L'IBO, l'offre obligataire proposée par NYSE Euronext, s'adresse aux sociétés cotées et non cotées. Pour les premières, le travail du Daf ne change pas, puisque le processus d'introduction est similaire à une IPO et que le processus n'implique pas d'obligation déclarative additionnelle. En revanche, la direction financière d'une entreprise non cotée qui se lance dans une IBO sera soumise à une charge de travail supplémentaire comparable à celle d'une société cotée en matière de reporting.
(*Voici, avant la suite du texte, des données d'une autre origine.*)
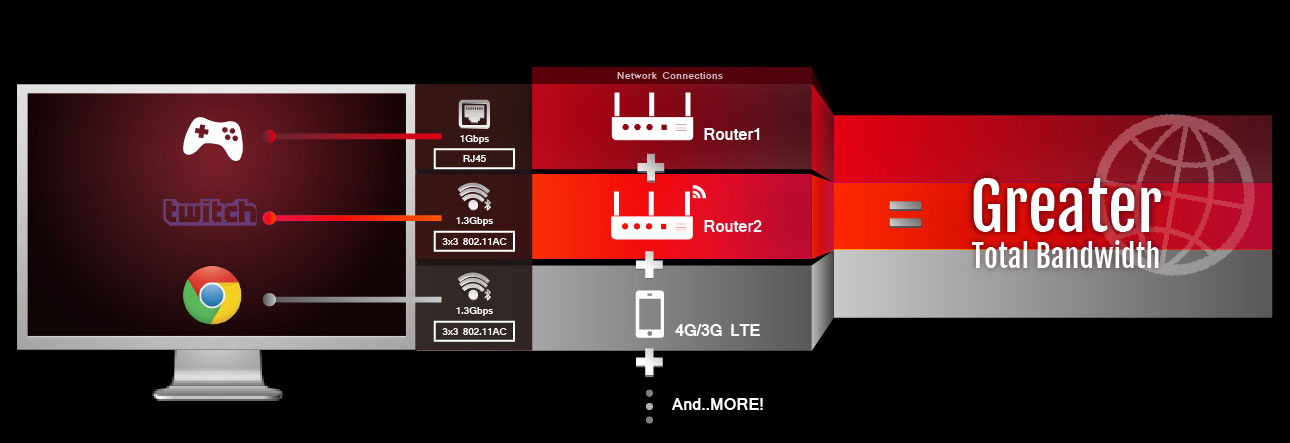 *La velocidad real puede variar, y los puntos de conexión de Wi-Fi operan a 802.11a/b/g/n Windows 10 actualmente no soporta la funcionalidad de punto de conexión de Wi-FiGameFirst IV optimiza el tráfico de red para juegos en línea más rápidos — y ahora añadimos Multi-Gate Teaming para unir hasta 4 redes para un máximo ancho de banda y jugabilidad más suave. También disfrutarás el nuevo Intelligent mode, que compila bases de datos automáticamente analizando los nuevos datos para asegurar el máximo rendimiento en cada juego.
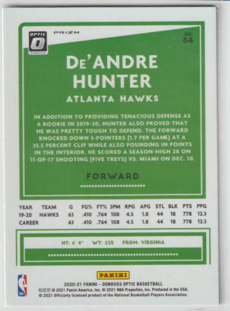 84 De'Andre Hunter - Atlanta Hawks Purple 2020/21 Donruss Optic Basketball
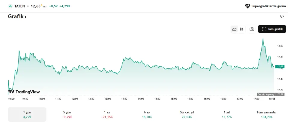 Taten, halka arz sürecinde yatırımcı ilgisini üzerine çeken şirketler arasında yer almıştı. İlk günlerdeki hareketlilikle dikkat çeken hisse, ilerleyen dönemde bu ivmeyi koruyamadı. Son fiyatlamalar, özellikle kısa vadede beklentilerin karşılanamadığını gösteriyor.
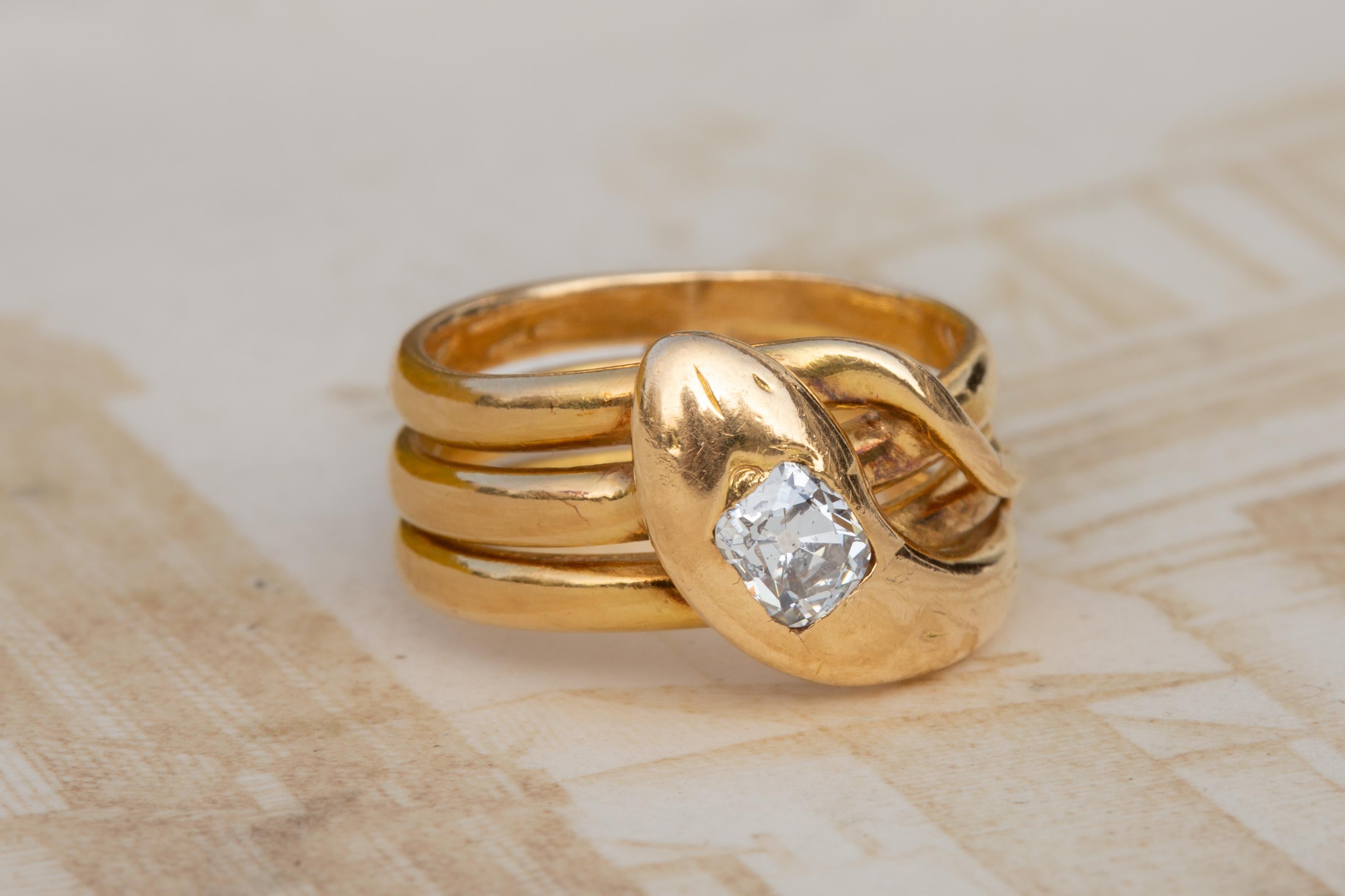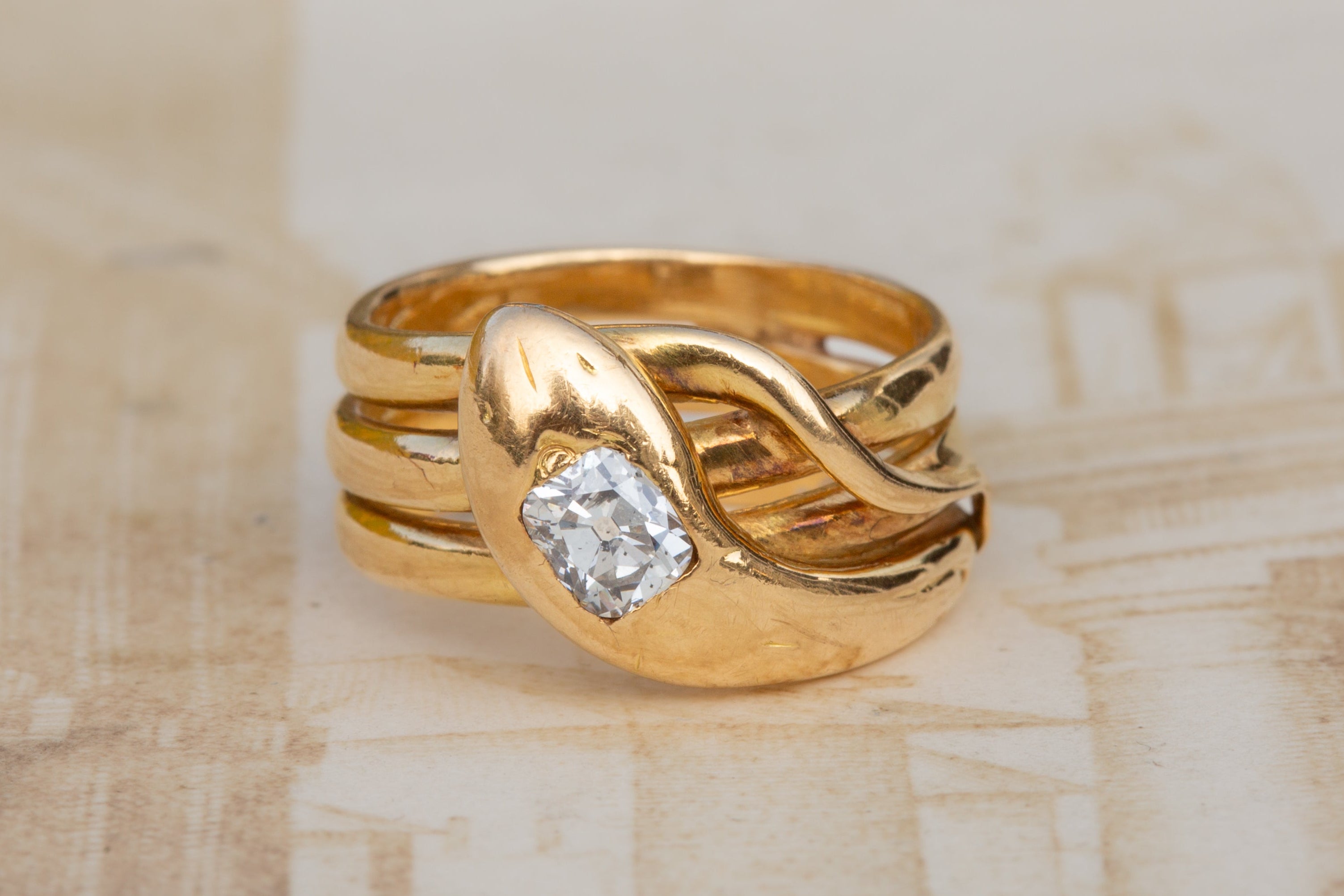The snake’s head is set with an antique squared cushion-cut diamond of approximately 0.35 carats, often referred to in period descriptions as the snake’s diamond ‘brain’ due to its placement and softly domed, organic faceting. The stone is securely set and sits naturally within the head. The diamond is particularly bright and has a lovely clarity, gorgeous antique facets and a well sized open culet.

Les obligations déclaratives sont fonction du marché de cotation. Plus souples sur Alternext, elles nécessitent néanmoins la publication de plusieurs rapports annuels. En ce qui concerne la communication auprès des investisseurs, le travail du Daf sera similaire à celui d'une entreprise cotée, avec la publication de communiqués et l'organisation de road shows. Comme dans le cadre d'une IPO, les investisseurs voudront connaître les performances de l'entreprise - d'autant plus que leur investissement sera perdu en cas de défaut. Surtout, une communication régulière et efficace permettra de rassurer le marché, et donc de solliciter de nouveau le marché obligataire si les besoins de l'entreprise le nécessitent. " Si l'entreprise veut que l'opération s'inscrive dans la durée et que les investisseurs aient un appétit pour un deuxième ou un troisième tour, une communication régulière est nécessaire ", confirme Alain de Woillemont, Daf d'AgroGeneration, société de production agricole, qui a procédé à une IBO de 9,4 millions d'euros sur Alternext l'an dernier et a renouvelé l'opération en avril 2013 pour lever 11 millions d'euros.